I was in Galaxy City doing a bit of research when I encountered my first Rikit Invasion... up until that point (something happened later last night and I'll get to that.) it was the scariest thing that had ever happened to me. The sky turned the oddest shade of yellow, and the earth its self trembled. I found one or two bombs and tried to keep them tied down until help could arrive... but I simply did not have the power to take it out on my own. Thank goodness there were others about to help. Even in the midst of such terror, it felt great to feel like part of such an amazing community of heroes.
Later I was making my way through the Hollows and I met a weretiger (at least that's what he looked like to me.) he wanted me to go out with him and fight an Arch Villain, he needed someone with my skill set - and of course I couldn't tell him no.

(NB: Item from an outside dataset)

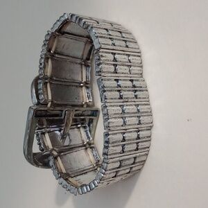 Stylish silver belt buckle stretch bracelet with a sleek design. Perfect for adding a touch of elegance to any outfit.

Running through the middle of the Hollows by myself while trying not to be seen was one of the most taxing and frighting experiences of my life. But the rush when I got in there and helped go toe to toe with this amazing villain was worth every moment. Everything happened so fast that I didn't catch my team mates name, but I know I would recognize him if I saw him again.
I have learned in the last couple of days that I truly love to be a part of a team, I love my work whether working alone or on a team, but I really like the feeling of Comradery and being part of something larger then myself that comes with being part of a team.
The second is that despite all of the things I have seen in the Rogue Isles, Paragon still has many exhilarating and terrifying surprises in store for me.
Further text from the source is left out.